Tag Archives: three ways

5 useful #Devops lessons about flow you can learn while getting off a plane.

One of our favourite books here at DevOpsGuys is Donald Reinertsen’s “Principles of Product Development Flow”. It’s a compelling argument about the importance of “flow” – small batch sizes, frequent releases, rapid feedback, all the key tenets of continuous delivery and DevOps.

It is, sadly, not the sort of easily consumed management book that might appeal to your ADD-afflicted manager (should you be able to tear his/her attention away from his/her iPhone or iPad).

@TheDevMgr and myself (@TheOpsMgr) were discussing this last week as we landed at Munich airport to attend the @Jetbrains partner conference (we’re huge fans of TeamCity for continuous integration).

As we went thru the process of disembarking from the flight we realised we were in the middle of a real-world analogy for benefits of flow – an analogy that might be readily understandable to those senior managers we mentioned earlier.

Let’s walk thru it.

The plane lands and reaches the stand. Immediately everyone in the aisles seats un-clicks and stands up, congesting the aisle. Once the aisle is congested (=high utilisation) the ability of people to collect luggage from the overhead lockers is significantly reduced – everything becomes less efficient.

At high rates of utilisation of any resource waiting times, thrashing between tasks and the potential for disruption are likely to go up. So that’s Useful lesson #1.

All this activity and jamming of the aisle is, ultimately, futile because no-one is going anywhere until the stairs get there and the cabin doors are opened. This is the next constraint in the pipeline.

Useful lesson #2 – until you understand the constraints you might be just rushing headlong at the next bottleneck.

Eventually they arrive and we all start shuffling off like sheep (or zombies) and walk down the stairs… to the waiting buses on the tarmac.

Useful lesson #3 – if you’re trying to optimise flow you need to look beyond the immediate constraint.

In this, case the cabin door & stairs, and look at the entire system (this is the essential message of systems thinking and the “1st way of DevOps”).

The buses were fairly large and held about 60+ people each (=large batch size), and everyone tries to cram onto the first bus… which then waits until the second bus is full before both buses head across the tarmac. When we reach the terminal the buses park up… and the second bus is actually closer to the door we need to enter.

Useful lesson #4 – don’t assume that the batch size is what you think it is (i.e. 1 bus load). It might be more (2 buses!). Also, just because something looks FIFO doesn’t mean it is…

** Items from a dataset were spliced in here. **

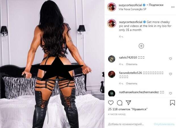 Соблазнительная красотка выпятила свою пятую точку, чтобы дать возможность своим поклонникам ее рассмотреть. Трусиков практически не было видно, они запрятались между ягодицами. От талии тянулись черные линии ткани, в итоге обвившие ножки. Также Сьюзи надела черные ботфорты, натянувшиеся выше колен, кокетливые завязочки придавали образу пикантности. Модель распустила длинные волнистые волосы, которые струились по спине. Звезда взяла в руки плеть и натянула ее концы чуть ниже своих ягодиц. За четыре часа пост собрал более 25 тысяч лайков и много комментариев. Пользователи сети написали Кортес массу комплиментов, отметив, что ее снимки один идеальнее другого. Напомним, Сьюзи Кортес предстала в соблазнительном нижнем белье, которое казалось невидимым. Модель присела на стул, повернувшись к фотографу полубоком. Звезда была в черном бикини и лифчике. Маленький бюстгальтер с кружевом хорошо смотрелся на груди красотки, а тонкие лямки оплели спинку модели. Ранее сообщалось, что Сьюзи Кортес была в трусиках-бикини, которые натянула выше бедер. Она немного выгнулась для более эффектного кадра. Видно, что красотка была в маленьком купальнике. Лифчик обтянул идеальную грудь модели. Напомним, хозяйка самых красивых ягодиц раздвинула ноги и поразила формами А еще Politeka писала, что хозяйка самых красивых ягодиц засветила горячие "персики" перед зеркалом Также Politeka сообщала, что горячая хозяйка самых красивых ягодиц выставила свою гордость посреди улицы
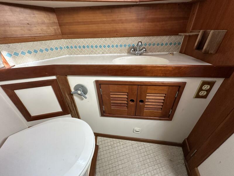 - 2 heads and 2 holding tanks serving forward and aft head - if one system goes down, you still have a backup
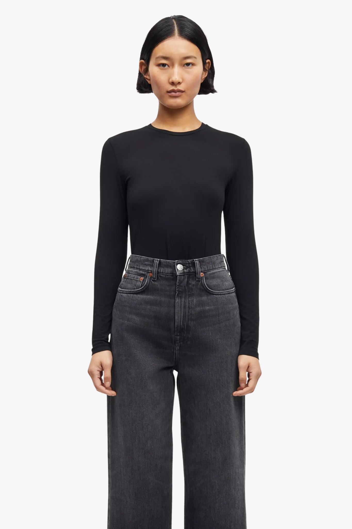 Ervaar de ultieme veelzijdigheid met het T-shirt met col van Samsoe Samsoe. Dit nauwsluitende dames T-shirt is ontworpen voor optimaal comfort en stijl, ideaal als basislaag of op zichzelf. Gemaakt van een premium mix van katoen en modal, biedt de zachte jerseystof een lichte extra stretch die zorgt voor een flatterend slank silhouet. Verkrijgbaar in tijdloos zwart, vormt dit shirt de perfecte aanvulling op elke garderobe.
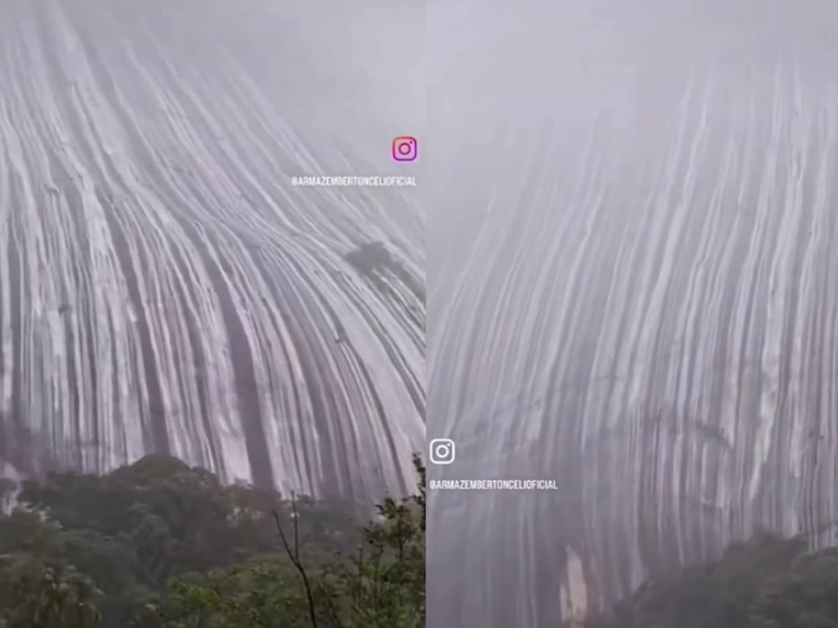 Un impactante fenómeno natural sorprendió a vecinos y visitantes en la localidad de Estrela do Norte en Brasil, donde una intensa lluvia transformó momentáneamente un acantilado en una gigantesca “cortina de agua”. El episodio fue registrado en video y rápidamente se viralizó en redes sociales por la magnitud del efecto visual.
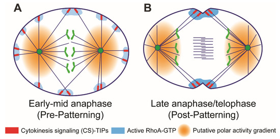 Two sides of the same coin? (A) Cytokinesis signaling molecules localize to the plus-ends of astral MTs (referred to as cytokinesis signaling (CS)-TIPs; shown in red) within minutes of anaphase onset and activate RhoA (shown in blue) upon cortical contact. In this model, a putative polar gradient (shown in orange gradient) inhibits the localization of CS-TIP components to MT plus-ends. During the “Pre-Patterning” phase in early-mid anaphase, the polar gradient does not reach astral MT plus-ends and; therefore, astral MT plus-ends in both the polar and equatorial regions are capable of triggering transient RhoA activation. (B) The unexplained phenomenon of CS-TIP patterning involves the retention of CS-TIPs on equatorial astral MTs and the loss of CS-TIPs from polar astral MTs during late anaphase and telophase (referred to as ‘Post-Patterning’). In this model, polar CS-TIPs are lost as the spindle poles approach the polar cortex and the inhibitory polar gradient envelops polar astral MT plus-ends. Since the inhibitory polar gradient still does not reach the equatorial MT plus-ends, CS-TIPs in this area are retained and sustained RhoA activation supports cleavage furrow assembly and ingression in the equatorial region.
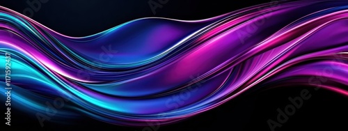 Abstract waves, vibrant colors, neon glow, fluid motion, digital art, smooth curves, electric blue, vivid purple, dynamic composition, futuristic design, glossy texture, energy flow, luminous effect,

Once we enter the terminal we then hit another constraint – clearing Immigration control. Luckily we were able to go thru the EU Resident’s queue, which flowed at a fairly constant rate due to the minimal border control. But looking at the non-EU Residents queue that the flow was turbulent – some passengers went thru quickly but others took much longer to process due to their different nationality, visa requirements or whatever had caught the Border Control officer’s attention. Unfortunately, the people who could have been processed faster were stuck in the queue behind the “complex” processing.

Useful lesson #5 – If you can break your “unit of work” down to a relatively standard size the overall flow through the system is likely to improve. This is why most Scrum teams insist that a given user story shouldn’t’ take more than 2-3 days to complete, and if it would it then it should be split up into separate stories until it does.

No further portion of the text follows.